Tariffs, Trade, & the "10/30" Framework
As the discussion shifted to global policy risks, Cinthia Murphy polled the audience on a relevant topic:
“Which country or region are you most interested in over the next three months, or for the second half of the year, when thinking about global equity allocation?”
Digging deeper into the question, Schwartz explained that markets have largely digested what is known as the “10/30 tariff framework.” That framework refers to a 10% general tariff level across the board and 30% on Chinese imports. While that structure has become the new baseline, there are key deadlines ahead. For example, the July 9 expiration of certain exemptions, which could reset investor expectations and global supply chain dynamics.
He noted the deep entwinement of global investing and geopolitics, referencing ripple effects from NATO defense demands, U.S.-China tensions, and fragmented trade negotiations. These macro developments could either disrupt or accelerate investor interest in non-U.S. markets, depending on how they evolve.
“All of this is interconnected,” he said. He suggested that political developments could either dampen or accelerate global investment opportunities depending on how trade and defense align.
Japan & Emerging Markets Stand Out
When the session polled participants about regions of interest for the second half of the year, responses were nearly split between U.S. and emerging markets. Japan trailed in the results. But both panelists viewed that as a contrarian opportunity.
Japan has seen significant progress in corporate governance, with rising dividends and buybacks. Schwartz highlighted Warren Buffett’s investment in Japanese trading firms as a key signal. He announced that WisdomTree is launching a Japan Opportunities ETF that emphasizes these companies.

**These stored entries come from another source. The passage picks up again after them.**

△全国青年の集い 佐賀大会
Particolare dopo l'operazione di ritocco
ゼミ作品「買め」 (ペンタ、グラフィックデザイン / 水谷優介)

The firm already offers the $3.4 billion WisdomTree Japan Hedged Equity Fund (DXJ ) and the nearly $80 million WisdomTree Japan Hedged SmallCap Equity Fund (DXJS ).

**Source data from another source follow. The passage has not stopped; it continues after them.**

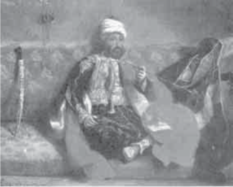
22- ديلاكروا، تركي يجلس على أريكة مع نرجيله.
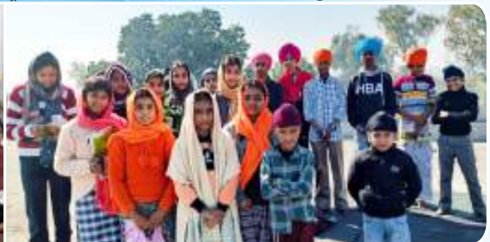
ਕੇਂਦਰ ਤਰਨਤਾਰਨ ਦੇ ਪਿੰਡ ਰੂੜੋਆਸਲ ਵਿਖੇ ਗੁਰਮਤਿ ਕਲਾਸ ਲਗਾਉਣ ਵਾਲੇ ਬੱਚੇ
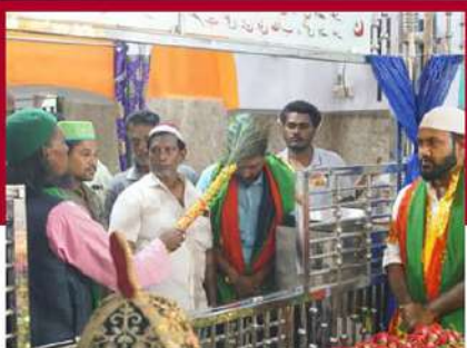
కొవ్వూరు మసీదులో ప్రార్థనలు
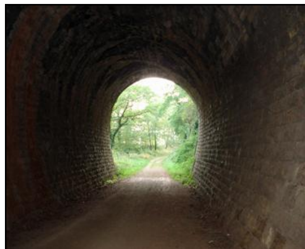
L'entrée et la sorties vues depuis la galerie
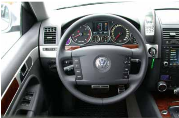
Die Bedienung ist einfach und funktionell, die Verarbeitung und Materialanmutung auf hohem Niveau.

The panel also spotlighted emerging markets. Wasatch’s Powers noted that the asset class has underperformed for years. However, it now benefits from favorable currency trends, stimulus efforts, and low valuations. He also highlighted the potential of locally oriented developed market companies, which are less exposed to trade friction.
Managing Currency Risk in a Global Portfolio
Currency exposure remains a major factor in international investing.

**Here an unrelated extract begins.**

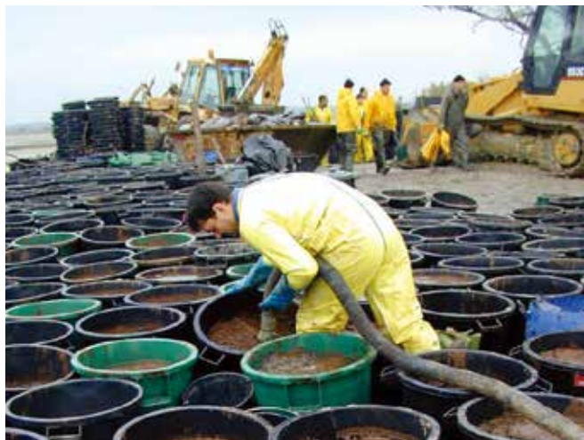
▲ 図14: 廃棄物の取り扱い、貯蔵、輸送、処理および処分には費用がかかりがちである。回収、移動および処理する廃棄物量の記録には特別な注意を払う必要がある。

Next Murphy turned the conversation to the currency aspect. She noted that this often overlooked factor is increasingly consequential in a globally connected market. Schwartz cautioned that many investors unknowingly double down on risk by remaining unhedged.
“I’ve often described that currency is a bet,” he said. “You know, sometimes the bet pays off. Sometimes it doesn’t pay off.” Additionally, he pointed out that a weak dollar may help earnings today, but could shift quickly.
Schwartz also discussed how many investors lack sufficient strong-dollar exposure in their portfolios and often underestimate how currency movements affect returns. Powers echoed this view, stating that while Wasatch doesn’t forecast currencies, they aim to stay diversified and focus on fundamentals.
WisdomTree Funds Target Global Opportunity
The conversation concluded with both firms presenting strategies for navigating the second half of the year.
Schwartz emphasizes that India and Japan remain WisdomTree’s top long-term international ideas, representing complementary growth and value opportunities.
Schwartz highlighted two WisdomTree ETFs designed to capitalize on global shifts: the WisdomTree European Opportunities Fund (OPPE) and the WisdomTree India Earnings Fund (EPI ). OPPE focuses on high shareholder yield and macro exposure to NATO defense and fiscal transformation across Europe. He noted that the fund offers exposure to companies well-positioned for geopolitical change. It is currently trading at a discount relative to global markets.
Additionally, EPI’s core strategy focuses on managing valuation risk while capturing India’s structural growth.